Le Sel de la mer
Le Sel de la mer
Film palestinien de Annemarie Jacir
Résumé du film
Soraya, 28 ans, née et élevée à Brooklyn, décide de rentrer s’installer en Palestine, le pays d’où sa famille s’est exilée en 1948. Sa route croise alors celle d’Emad, un jeune Palestinien qui, au contraire d’elle, ne souhaite qu’une chose, partir pour toujours. Pour échapper aux contraintes liées à la situation du pays mais aussi pour gagner leur liberté, Soraya et Emad devront prendre leur destin en main quitte à transgresser les lois.
Au dernier festival de Cannes, lorsque la réalisatrice,
les producteurs et les acteurs sont venus présenter Le Sel de la mer,
tous sont montés sur l’estrade coiffés d’un keffieh palestinien. Car ce
road-movie entre les territoires occupés et Israël, ce film tourné sur
place, notamment à Ramallah, avec des comédiens très impliqués
personnellement, est tout autant le premier long métrage d’une femme de
cinéma que le cri de colère, intime et politique, d’une Palestinienne.
La sincérité du message, l’urgence que semble éprouver la cinéaste à
dire cette histoire, pallient les imperfections du récit.
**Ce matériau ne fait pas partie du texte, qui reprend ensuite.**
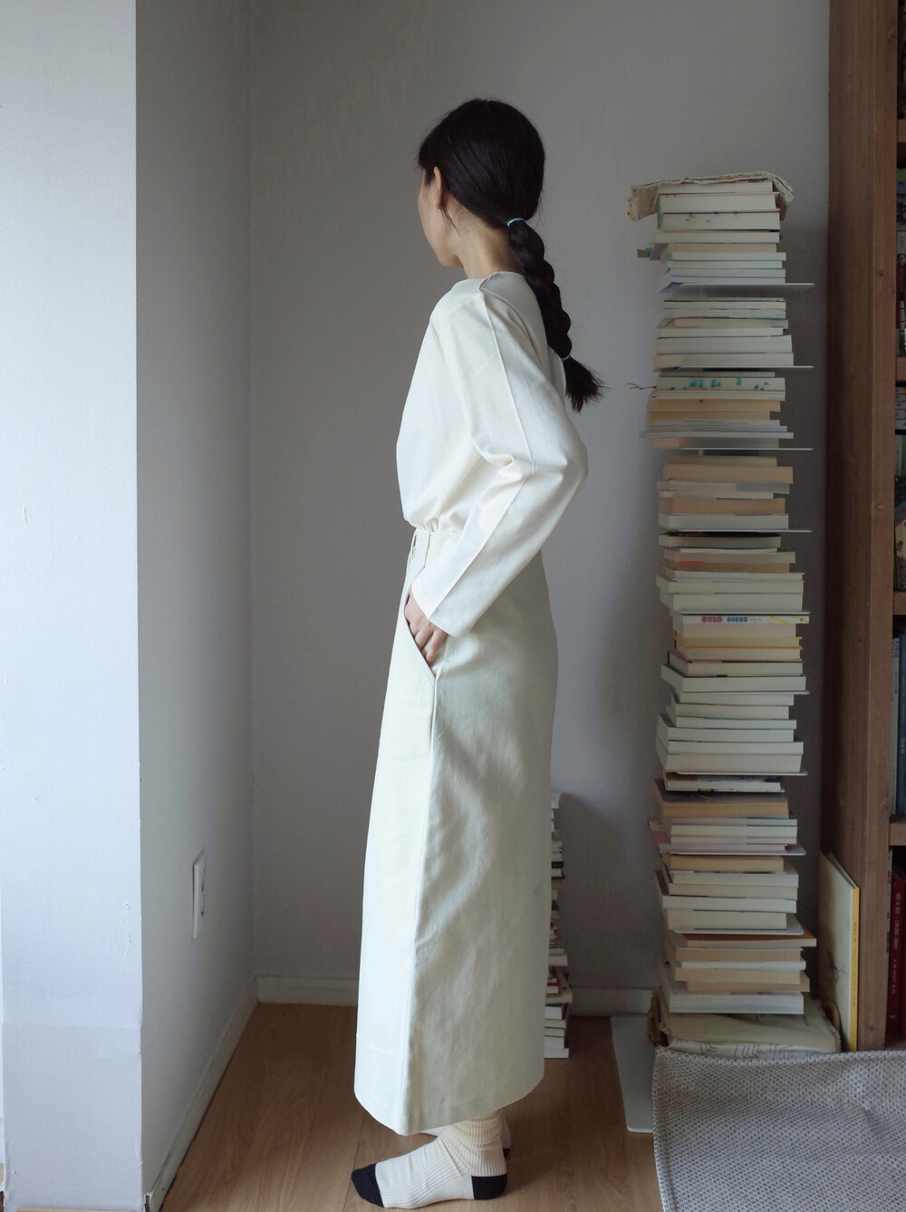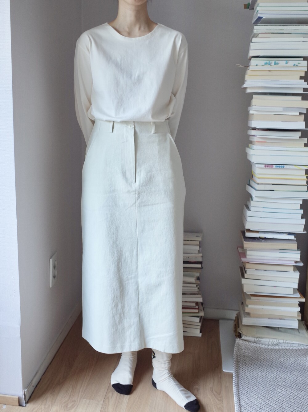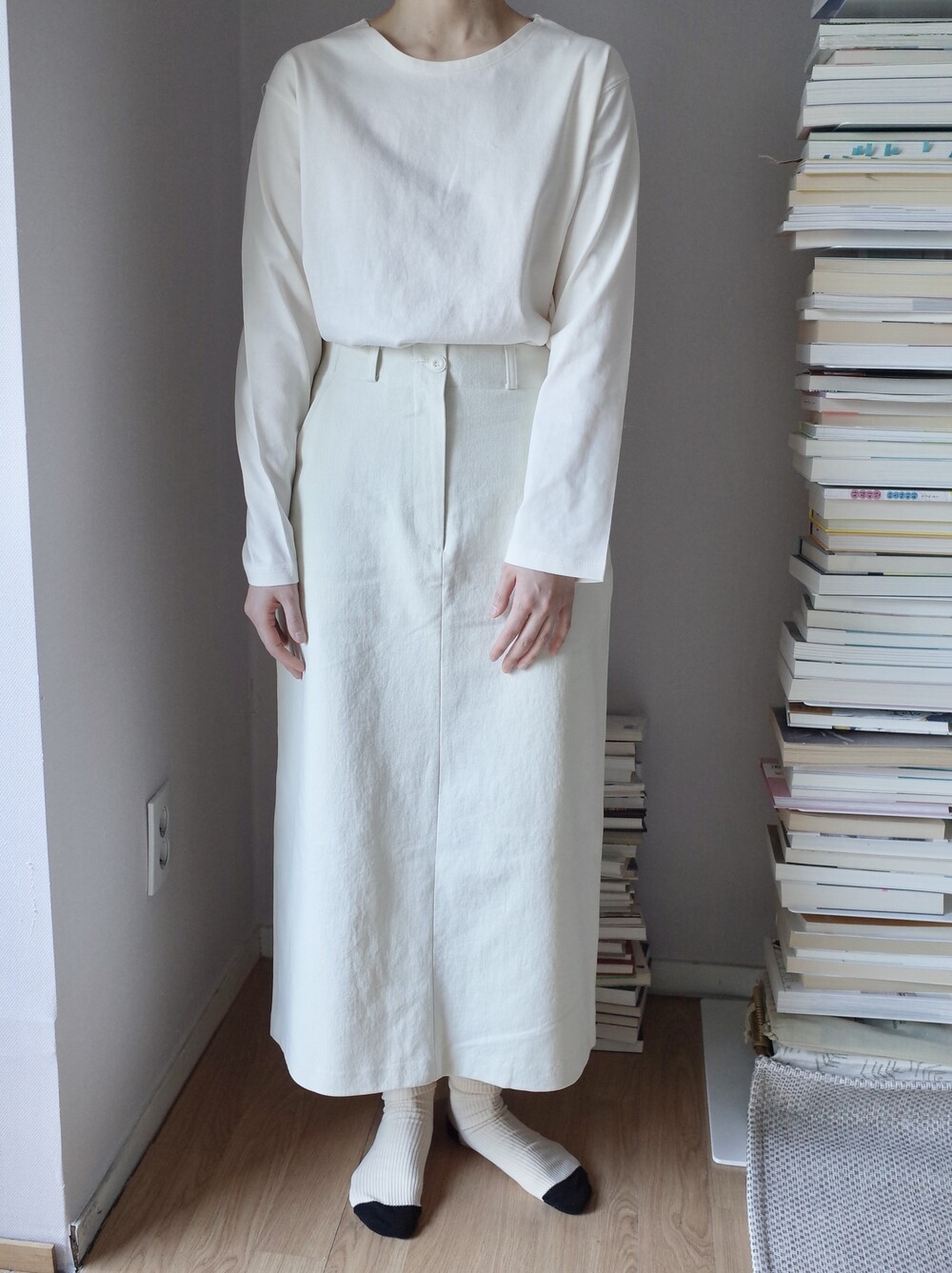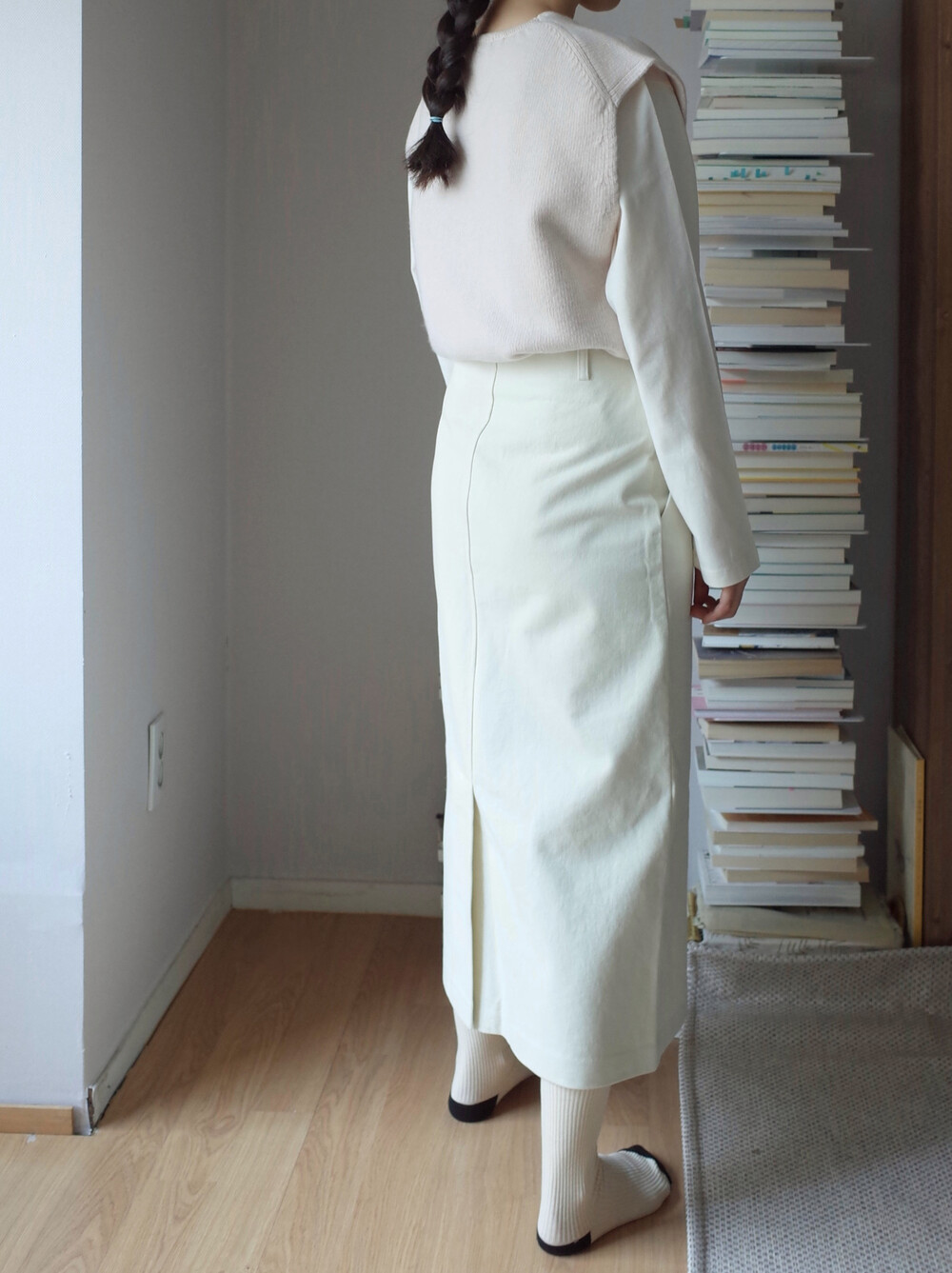 심플하고 베이직한 에이치라인 코튼 스커트입니다.

Quand Soraya, petite-fille de réfugiés palestiniens élevée à New York,
découvre la terre de ses ancêtres, c’est un pèlerinage douloureux,
magique, décisif. En 1948, l’Etat d’Israël s’est créé au prix de la
« nakba », la catastrophe en arabe : le déplacement de centaines de
milliers d’Arabes, dont les familles des deux comédiens, Suheir Hammad
et Saleh Bakri. Ainsi se confondent-ils avec leurs personnages qui ont
eux aussi reçu la colère en héritage et vont partir à la conquête de
cette terre volée, de ces ruines interdites. Et de l’illusion d’une
liberté.
A la manière d’un documentaire, les meilleures scènes prennent le temps
de montrer des situations qu’on devine réalistes et quotidiennes :
l’arrivée de Soraya à l’aéroport, la fouille, les questions, le
soupçon, l’humiliation. La séquence dure plus de cinq minutes, elle
ouvre le film et donne le ton. De même la visite surréaliste à la
banque, où elle veut récupérer les économies de son grand-père : datant
d’avant 1948, le compte n’existe plus... et l’argent non plus. A
l’inverse, les grandes conversations philosophiques manquent de
crédibilité et parfois de justesse. Emad, prisonnier de Ramallah depuis
dix-sept ans, dont le seul rêve est de pouvoir partir, et Soraya
l’exilée, l’Américaine, pour qui vivre en Palestine semble le seul
moyen d’apaiser sa colère, incarnent les deux visages d’une Palestine
qui empoigne le cinéma pour mieux plaider sa cause.